HomeARTICLESNewly released audio tape reveals untold truths about the 1988 massacre of...

Newly released audio tape reveals untold truths about the 1988 massacre of PMOI prisoners

On Monday, April 14, 2025, a second audio file of Ayatollah Hossein Ali Montazeri, concerning his meeting in January 1989 with members of the “Death Committee,” was released. At the time, Montazeri was apparent successor to Iranian regime founder Ruhollah Khomeini. The Death Committee was a group of regime officials tasked with the mass execution of political prisoners in the summer of 1988.

The new audio tape, which is only a portion of Ayatollah Montazeri’s second meeting with the Death Committee and has parts deleted, reveals further dimensions of the genocide targeting the People’s Mojahedin Organization of Iran (PMOI/MEK) and executions of members of other political groups, ordered by the regime’s founder Ruhollah Khomeini. It serves as clear testimony to the historical steadfastness of the PMOI members in their principles and the righteousness of the just revolutionary resistance against the mullahs’ regime.

In this recording, Montazeri acknowledges the widespread popular resentment towards Khomeini and the Velayat-e Faqih system, saying: “Velayat-e Faqih has become repulsive to the people; people are fed up with them… The very families whose members we have now killed are all saying that the Monafeqin [regime’s derogatory term for PMOI/MEK] were right… If we had attracted them through kindness, tolerance, and affection, their numbers would have decreased, but we keep increasing them.”

In the first audio file of Montazeri, released in 2016, he, speaking on August 15, 1988, in his capacity as Khomeini’s designated successor, addressed members of the Death Committee who were conducting the killings in prisons, including Ebrahim Raisi and Hossein Ali Nayyeri.
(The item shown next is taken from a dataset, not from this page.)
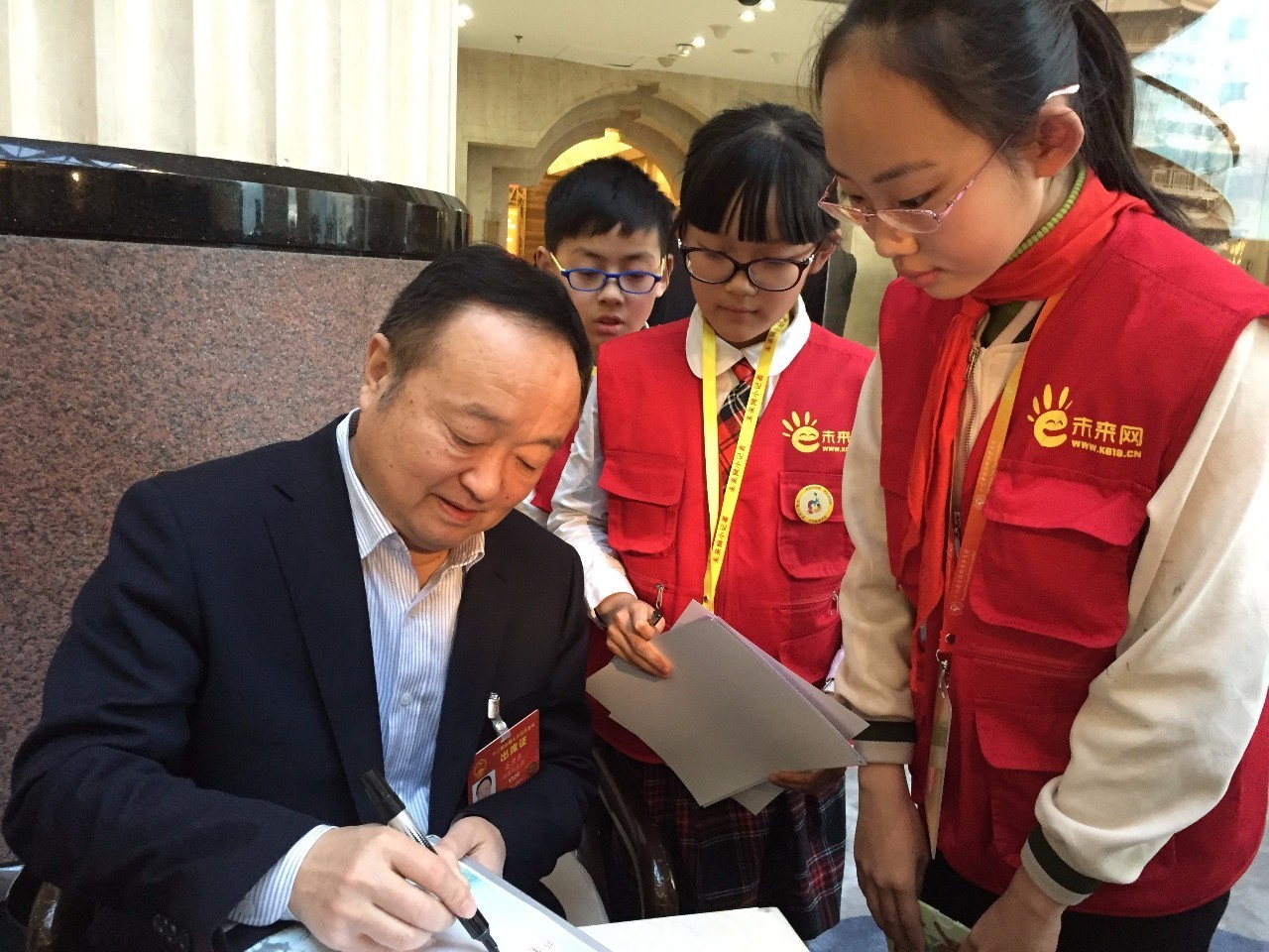 (采访开始前,姜卫东代表为未来网小记者写下寄语)

He told them, “the greatest crime has been committed by your hands” and “this kind of massacre without trial, especially concerning prisoners and captives—they were your captives—will certainly benefit them in the long run, and the world will condemn us.”

In another segment of the second audio file, Montazeri refers to the swift execution of 300 female PMOI members captured during Operation Forough Javidan (Eternal Light) in Kermanshah province. He said: “They brought 300 girls who were supposedly involved in Mersad [the regime’s name for the counter-operation]—Mersad in Bakhtaran [Kermanshah]—and two of them were French. Incidentally, [Sadegh] Khalkhali said he was there… I said, ‘Alright, execute them all, but don’t execute these two girls; they are French, out of all of them…’ They said, ‘No, execute.’”

In another instance from the second audio file, Montazeri refers to the will of a heroic female PMOI member from Tehran who had courageously maintained her position before the executioners during the massacre. He says: “Light radiated from the beginning to the end of the will… This girl who believes in God, believes in the Prophet, believes in the Quran, believes in everything, she just says, ‘This Islamic Republic is not to my liking.’ Can she be executed for this? Is this jurisprudence [fiqh]?”

Last year, in July 2024, Professor Javaid Rehman, the then-UN Special Rapporteur on the situation of human rights in Iran, in his final report addressing heinous crimes and gross violations of human rights, described the 1988 massacre as instances of “crimes against humanity” and “genocide,” writing: “The specific requirements of the Genocide Convention and the challenges related to establishing genocide have already been considered. Khomeini’s fatwa, a key document of the 1988 massacre, lays bare the genocidal intent in physically destroying the PMOI, which was treated as a religious group by the perpetrators. The fatwa explicitly characterizes the PMOI’s alleged religious transgressions as ‘waging war against God’ that must be punished by execution.”

The report also notes that the scale and number of individuals involved in these crimes are extensive, ranging from the leadership, Sharia judges, prosecutors, representatives of the Ministry of Intelligence, members of the Death Commission and their facilitators, prison guards, members of the Islamic Revolutionary Guard Corps (IRGC) and all those who facilitated the commission of these international law crimes and their subsequent ongoing concealment.

In his recommendations, the Special Rapporteur calls on all UN member states to use universal jurisdiction to conduct immediate, impartial, complete, and transparent investigations into crimes under international law and to collect, integrate, and preserve evidence for future criminal prosecution of all perpetrators.